**** PROVIDED RECORDS ****

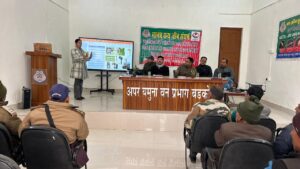 कार्यशाला के द्वितीय चरण में आशीष नौटियाल वन क्षेत्राधिकारी कुथनौर रेंज एवं शेखर राणा वन क्षेत्राधिकारी रंवाई रेंज द्वारा वनाग्नि काल 2026 से पूर्व की तैयारियों, वनाग्नि प्रबंधन की रणनीतियों, स्थानीय सहभागिता एवं मानव–वन्य जीव संघर्ष न्यूनीकरण के विभिन्न पहलुओं पर विस्तृत चर्चा की गई।
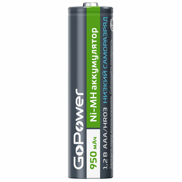 Ni-MH аккумулятор размера ААA/НR03 емкостью 950мАч. Ni-MH аккумуляторы GoPower с низким саморазрядом перезаряжаемы до 1000 раз и заменяют батарейки во всех современных устройствах. Изготовлены по технологии Ready-to-Use с использованием премиальных компонентов, поэтому поставляются уже заряженными и готовы к использованию сразу после покупки. Сохраняют до 80% заряда в течение не менее 2 лет хранения.
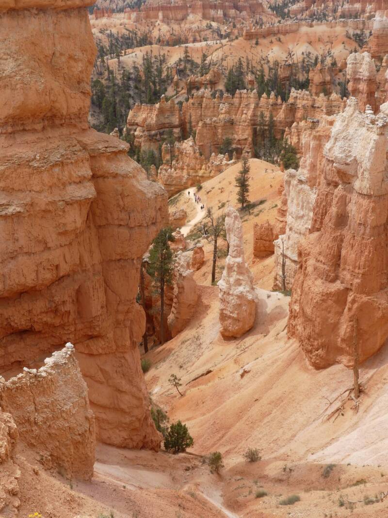 So this morning we set off down the Navajo Trail which was steep switchbacks all the way to the bottom, and then we crossed the canyon floor for about a mile before climbing up to Sunrise Point, with many breathers along the way. It was absolutely stunning and Paul took a couple of hundred photos of the Hoodoos (tall red rock formations eroded by rain, wind and ice). One of the formations has been named Queen Victoria but you need to squint at the right angle to see any resemblance.
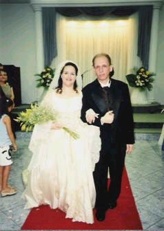 já não agüentava mais... DEUS me traz um vaso Seu.Aquela mulher que vi em Joinville, quando estava tendo minha primeira experiência sobrenatural com o ESPÍRITO SANTO, o SENHOR a trouxe até mim. Uma noite, após exaurir-me diante de DEUS, suplicando Sua misericórdia, e cobrando o cumprimento de Suas promessas, o SENHOR me fala dizendo... “Estou enviando-te tua esposa”. Como tempos atrás me falara, usando uma irmã em profecia, que traria minha esposa de longe, e que não nos casaríamos em São Mateus do Sul, pois minha permanência nesta cidade era por tempo determinado, perguntei ao Senhor... “tudo bem, SENHOR, está me enviando minha esposa... Quanto tempo levará para ela chegar? De onde ela está vindo?” Não tive resposta... No outro dia era sábado (eu trabalho de segunda a sexta)... como estava muito abatido, em desespero, resolvi ir até o escritório onde trabalhava para me distrair navegando pela internet, uma vez que é via rádio, não trazendo grandes despesas para meu “chefe”. Logo que comecei, a Adriana começou a me fazer perguntas no ICQ, onde tinha meu nick “profetacarlos”... Começamos a conversar, expus o que havia acontecido comigo, e começamos a conhecer nosso interior através de nossas conversas. O mais tremendo, é que a medida em que conversávamos, as qualidades que ambos pedíramos a DEUS para existir naquele que seria o vaso para caminhar ao nosso lado, eram confirmadas uma a uma. Começamos a orar a respeito, e pedir que DEUS confirmasse o que estávamos sentindo (pois começou a brotar um profundo amor mútuo em nosso coração). Por último pedimos que DEUS falasse com a Adriana a respeito (não comigo, pois que em determinada noite DEUS me falara que essa era aquela que Ele me prometera). Numa sexta-feira, DEUS confirmou a ela o que Ele estava fazendo em nossas vidas. E mais, como Ele me dissera que minha esposa viria de longe, eu dependia da confirmação específica de DEUS através de um último sinal... ela teria que vir aqui onde moro para nos conhecermos pessoalmente. Sem que ela soubesse desse sinal, DEUS, usando uma irmã de tarde, e o seu pastor de noite, falou exatamente isto a ela... Ela veio... nos conhecemos, DEUS selou nossos corações com o Seu amor... e agora DEUS está encaminhando nosso casamento! Essa é “resumidamente”, minha história. Que DEUS possa ser glorificado em minha vida, e que todos quantos lerem essa síntese, possa saber que DEUS ainda é o mesmo, e que Seus milagres ainda estão à disposição daqueles que amam a DEUS e buscam a Sua vontade. No amor de CRISTO... Carlos Alberto Bächtold... Prisioneiro de JESUS CRISTO! Nos casamos em 22.02.2003 em Foz do Iguaçu, PR, onde residimos até que o SENHOR JESUS nos envie a outro lugar. Volte-se para DEUS agora...
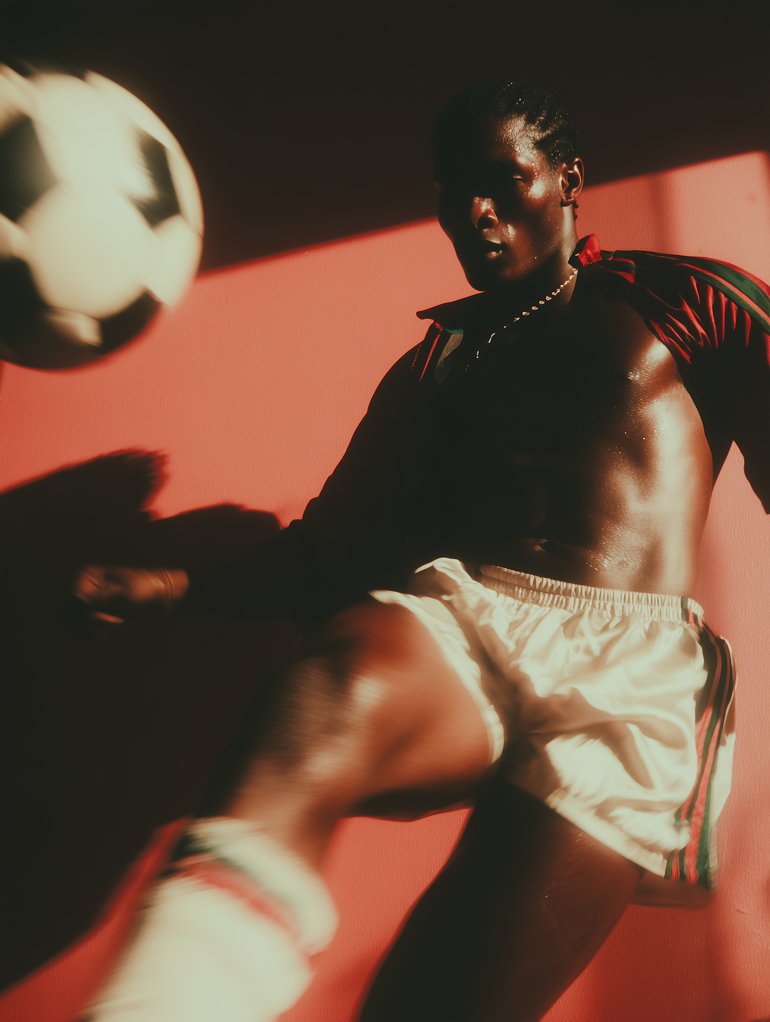 A soccer player in motion, captured dynamically with vibrant lighting and a bold red background, emphasizing energy and athleticism.
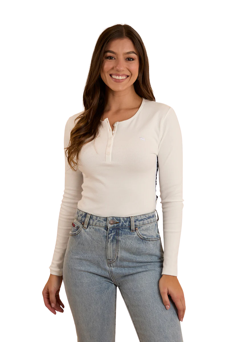 Introducing the Lalia, this versatile long sleeve top is set to be a wardrobe staple - especially as the seasons begin to change. Created from a cotton and elastane stretch blend, the Lalia is the ultimate in comfort. Sitting closely against the skin, this piece is perfect for layering in cooler weather and stylish enough to be worn alone with your favourite pair of Ringers jeans. The front of the Laila features a classic Henley button placket as well as an embroidered Signature Bull logo on the left chest, whilst branded side seams add some extra Ringers flair.
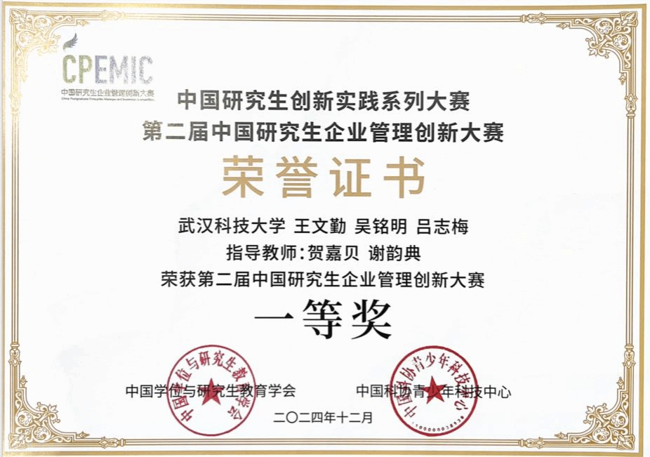 本届大赛于2024年7月正式启动,吸引了来自298所研究生培养单位的14433人报名参赛。其中,2491支队伍报名企业决策赛道。在经历初赛、决赛的激烈角逐后,鸭脖“星耀有限公司”队成功晋级总决赛,在140支晋级队伍中勇夺一等奖,实现鸭脖在该赛事上的首次突破。鸭脖“勇往直前”队荣获三等奖。

****

■ **EXERCISE**: Starting with the first line of the material, print each line exactly until you have printed the line with "Ni-MH аккумулятор размера", and skip the pictures.

■ **SOLUTION**:
 कार्यशाला के द्वितीय चरण में आशीष नौटियाल वन क्षेत्राधिकारी कुथनौर रेंज एवं शेखर राणा वन क्षेत्राधिकारी रंवाई रेंज द्वारा वनाग्नि काल 2026 से पूर्व की तैयारियों, वनाग्नि प्रबंधन की रणनीतियों, स्थानीय सहभागिता एवं मानव–वन्य जीव संघर्ष न्यूनीकरण के विभिन्न पहलुओं पर विस्तृत चर्चा की गई।
 Ni-MH аккумулятор размера ААA/НR03 емкостью 950мАч. Ni-MH аккумуляторы GoPower с низким саморазрядом перезаряжаемы до 1000 раз и заменяют батарейки во всех современных устройствах. Изготовлены по технологии Ready-to-Use с использованием премиальных компонентов, поэтому поставляются уже заряженными и готовы к использованию сразу после покупки. Сохраняют до 80% заряда в течение не менее 2 лет хранения.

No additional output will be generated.